Speakers repeatedly raised transportation and space constraints. Diane Shorts (Worcester County) said some parts of her county are losing centers and lack room in school buildings to expand pre‑K. Elizabeth Sailor (Caroline County supervisor of instruction) cited transportation and geographic spread as barriers that reduce family access even where slots exist.
Several participants highlighted the role of Judy and PADI centers and Head Start in reaching families with multiple needs. Tess, a Judy/PADI coordinator, said those hubs can offer food, clothing and home‑visiting supports and allow relatives or caregivers to bring children for services when parents cannot.
A recurring technical concern was data: Ismenda Johnson, a Judy Center coordinator in Baltimore City, asked whether MSDE could develop a database to locate where young children live so outreach can better match available seats with families. Facilitators said MSDE is considering validation work and data updates; Shana Cook noted the department is "looking into doing a validation study of the QRS system once we've put in place some updates to that system" to better measure whether rating levels correlate with readiness.

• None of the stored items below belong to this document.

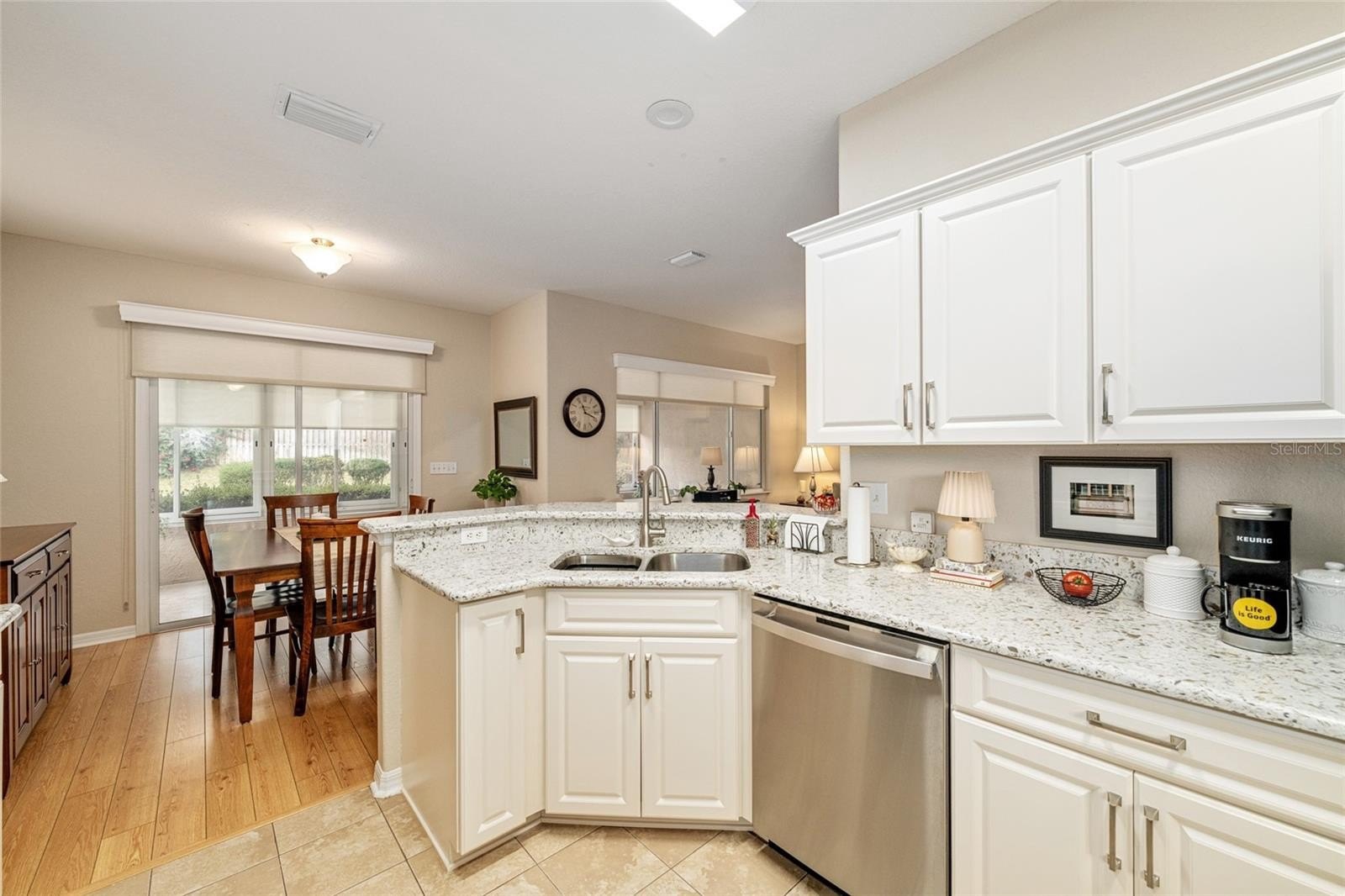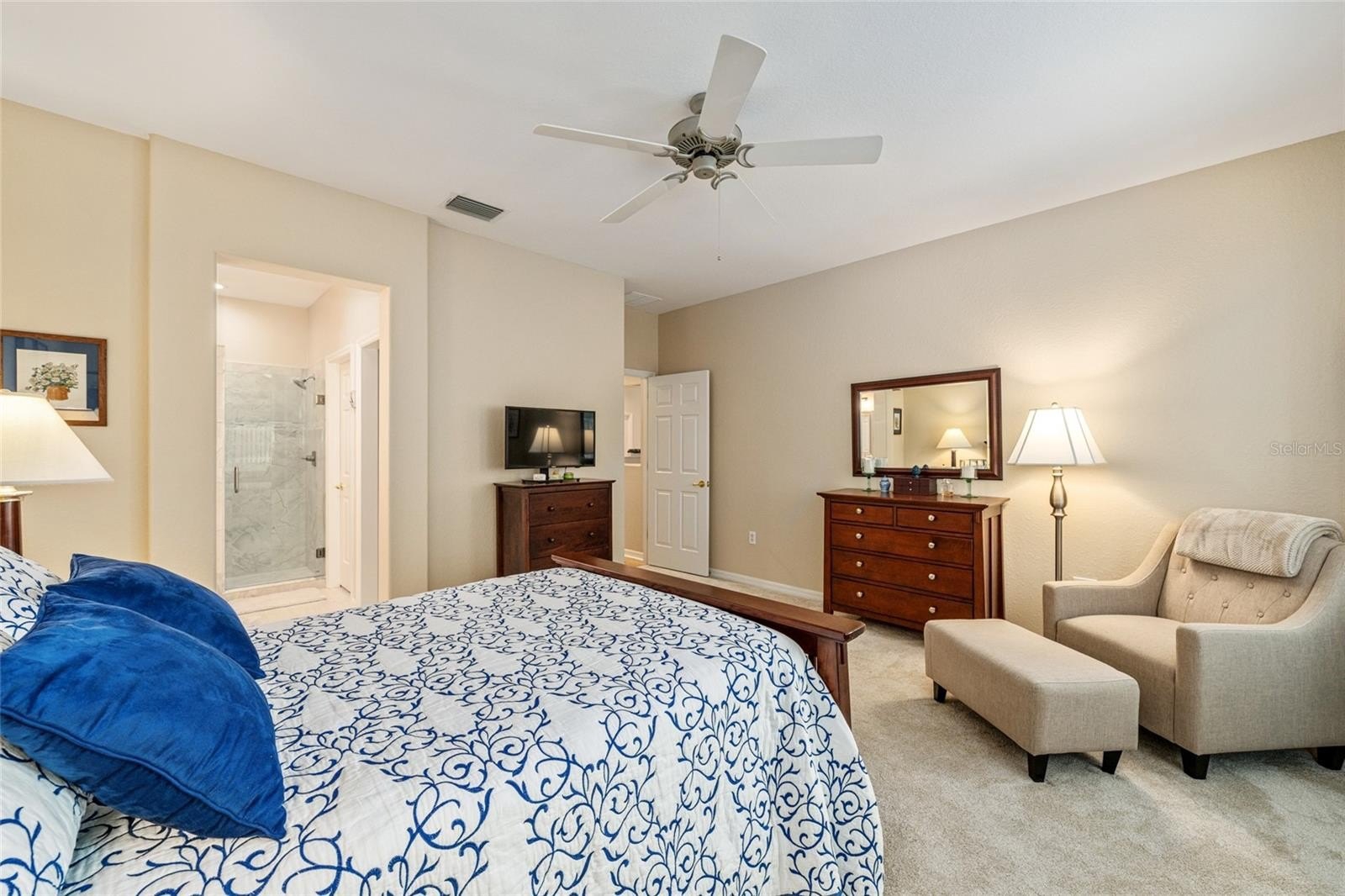 One of Del Webb’s most popular models is now available and truly a must-see. Situated on a very private lot with room for a pool, this beautifully upgraded home offers exceptional indoor and outdoor living. From the moment you review the description, photos, and video, you’ll want to schedule a personal tour. The upgraded kitchen features tall white refaced cabinets with custom hardware, granite countertops, stainless steel appliances, recessed lighting, and ceramic tile flooring. The spacious primary suite includes bay windows, a ceiling fan, carpeted flooring, and a completely renovated ensuite with a large walk-in shower, skylight, and tile flooring.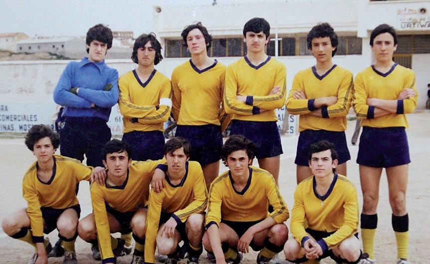 Año 1981. La Moheda. Aún faltaban diez años para la primera siembra del césped natural, aunque los vestuarios de detrás ya hacen muy reconocible dónde estamos. Este equipo que ven es el juvenil del CF La Solana, en los prolegómenos de un partido. La modestia era tal que aquellas camisetas no tenían ni escudo. Arriba, de izquierda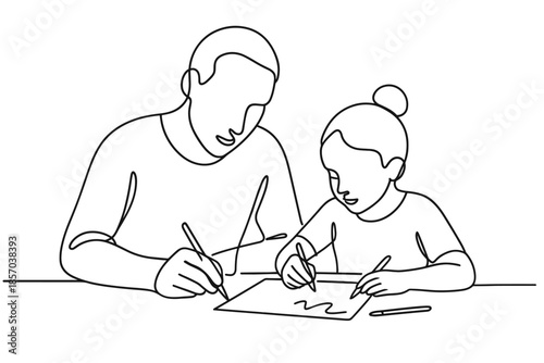line art, minimalist, education, learning, creativity, family time, togetherness, childhood, parenting, artistic, illustration, simple, drawing, sketching, activity, hobby, leisure, home, indoor, children, children, adult, man, woman, girl, people, human relationships, bonding, support, guidance, concentration, sharpened, table, paper, art supply, hand drawing, outline, vector, black-and-white, studio, domestic life, art class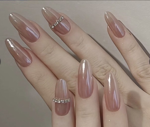 ピンクベージュのベースカラー、ノンワイプトップ塗った後にオーロラパウダーだと思いますー!
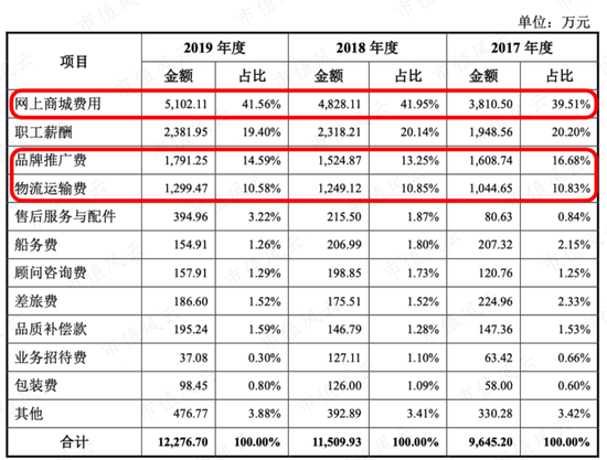 除职工薪酬外,北鼎股份的销售费用大头为网上商城费用、品牌推广费、物流运输费。

Participants described common policy levers they want to see prioritized: incentives and supports tailored to family child care, streamlined ExCELS processes for small providers, transportation and space solutions for rural counties, and robust outreach to find children not currently in pre‑K or early intervention.
The charrette did not produce formal decisions; the session ended with an invitation to continue ranking strategies via Slido and to complete the department’s online survey.